Mr. Sela knew to watch the show since his product manager Finn Borge told co-workers to tune in. Mr. Borge swears he had no idea what was coming, that a friend of his girlfriend knew the writers, was aware of the similarities, and got word to him to alert his team. After the episode aired, someone from the show delivered a SliceLine pizza to the SliceLife office.

A person familiar with the SliceLine episode says the name similarity was purely a coincidence.

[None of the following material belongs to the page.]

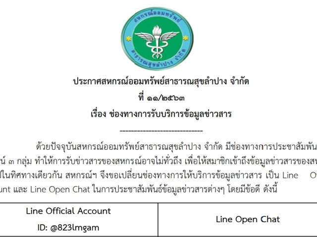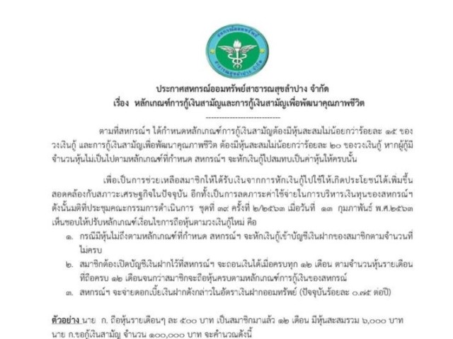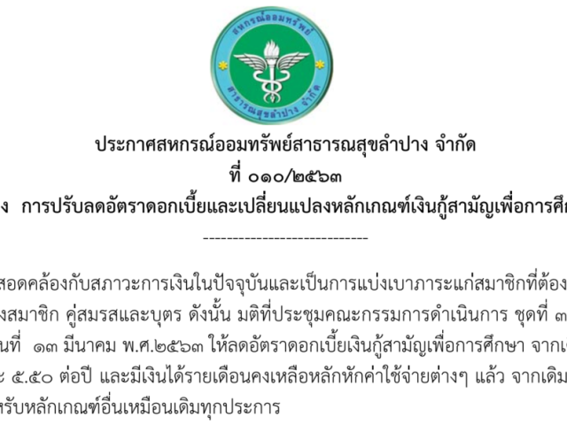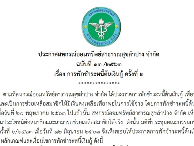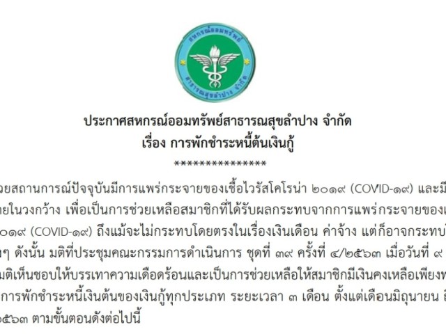 ประกาศสหกรณ์ออมทรัพย์สาธารณสุขลำปาง จำกัด การพักชำระหนี้ต้นเงินกู้ เพื่อให้สอดคล้องกับสภาวะเศรษฐกิจใ...

Employees at online pizza ordering service SliceLife received pizza from the 'Silicon Valley' show. Photo: Trisha Roiniotis

One of the show’s creators, Mike Judge, is no stranger to inspiring real-life business plans. His movie “Office Space” made red Swingline staplers so famous the company had to start making red ones to meet demand. Mr. Judge didn’t respond to a request for comment.

Mr. Bourdev says he was once chatting with his old Facebook boss, Chief Executive Mark Zuckerberg, and reminded him that his startup was working on better compression. He says Mr. Zuckerberg cracked that if the WaveOne team could demonstrate a high Weissman score—a fictitious test of compression efficiency developed for the TV show—their technology might interest them. A Facebook spokeswoman declined to comment.

The pair’s a-ha moment nearly fizzled that day they were first watching the show together. Mr. Rippel, googling to see if other startups were onto the idea, found a website for one that seemed to have a head start. “I had this ‘oh shit’ moment,” he recalls, “there’s a company doing that.”

Turned out he’d not been watching the show closely and was fooled by the authentic-looking website its creators had posted for the fictional company, Pied Piper.